Batches: 100%|██████████| 42/42 [00:32<00:00,  1.28it/s]

Total vectors in index: 1333





## 7 – Semantic Search Interface

A reusable search function is implemented to query the FAISS index using semantic similarity.

The function:

- Encodes the input query using the selected embedding model  
- Performs nearest-neighbor search on the FAISS index  
- Retrieves the top-k most similar document chunks  
- Returns the corresponding `Document` objects  

This abstraction separates retrieval logic from the indexing layer, enabling future extensions such as hybrid search, reranking, or database-backed vector stores without modifying the core search interface.


In [8]:
def search(query, model, index, documents, top_k=5):
    if not query.strip():
        raise ValueError("Query cannot be empty.")

    # Encode query
    query_embedding = model.encode([query])
    query_embedding = np.array(query_embedding).astype("float32")

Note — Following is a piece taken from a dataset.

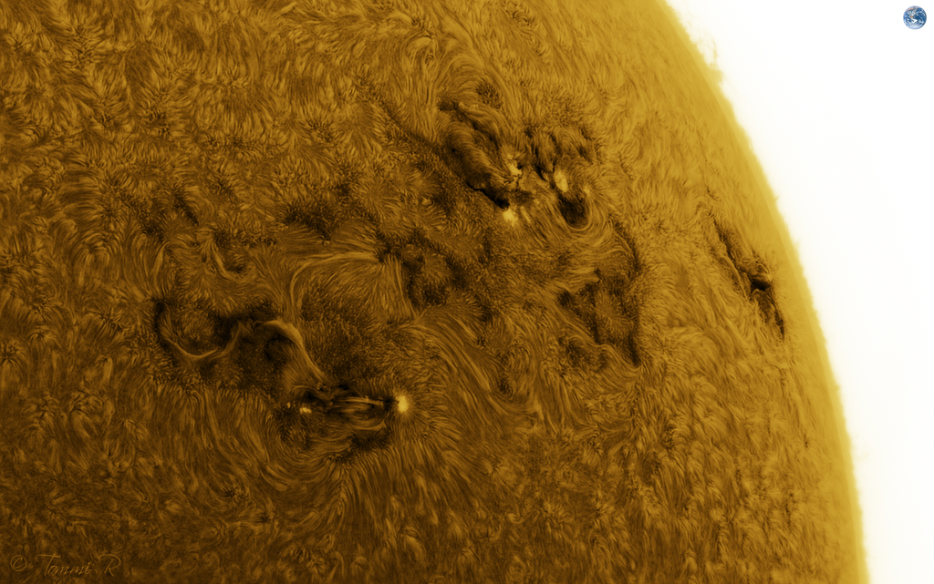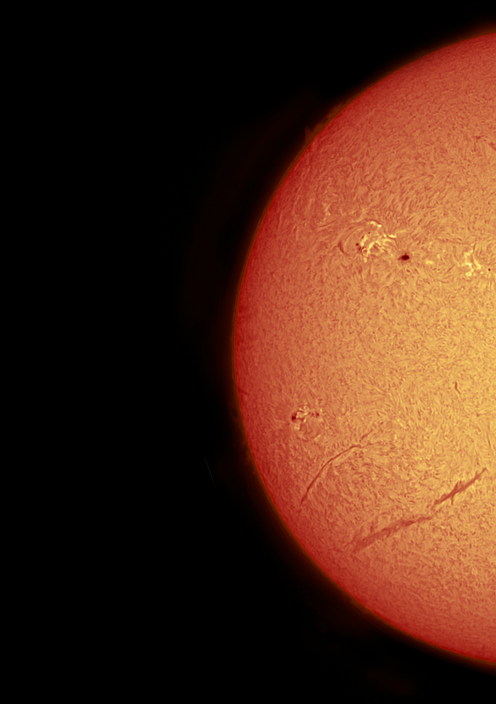 Auringossa olisi nyt taas makeaa mahan täydeltä auringonpilkkujen, suuren filamentin ja useamman reunalla näkyvän purkauksen myötä. Aurinko oli jo hyvää matkaa menossa mailleen tai ainakin puiden taakse, jonka vuoksi koko kiekkoa ei ehtinyt kuvaamaan.

    # Normalize query embedding
    faiss.normalize_L2(query_embedding)

    # Perform search
    distances, indices = index.search(query_embedding, top_k)

    results = []
    for rank, (idx, distance) in enumerate(zip(indices[0], distances[0])):
        if idx == -1:
            continue

        results.append({
            "rank": rank + 1,
            "score": float(distance),  # Lower = better (L2 distance)
            "content": documents[idx].page_content,
            "metadata": documents[idx].metadata
        })

    return results


## 8 – Validate Retrieval Pipeline

The semantic search function is tested using a domain-specific query to evaluate retrieval relevance.

This validation step confirms:

- Correct query embedding generation  
- Proper FAISS nearest-neighbor search execution  
- Accurate mapping from index results to original document chunks  

Inspecting the top retrieved passages helps assess whether the embedding model captures conceptual similarity effectively.  

This qualitative check complements earlier quantitative benchmarks and verifies that the retrieval layer is functioning as expected before introducing hybrid search or reranking.


In [9]:
query = "How many AI publications were there in 2023?"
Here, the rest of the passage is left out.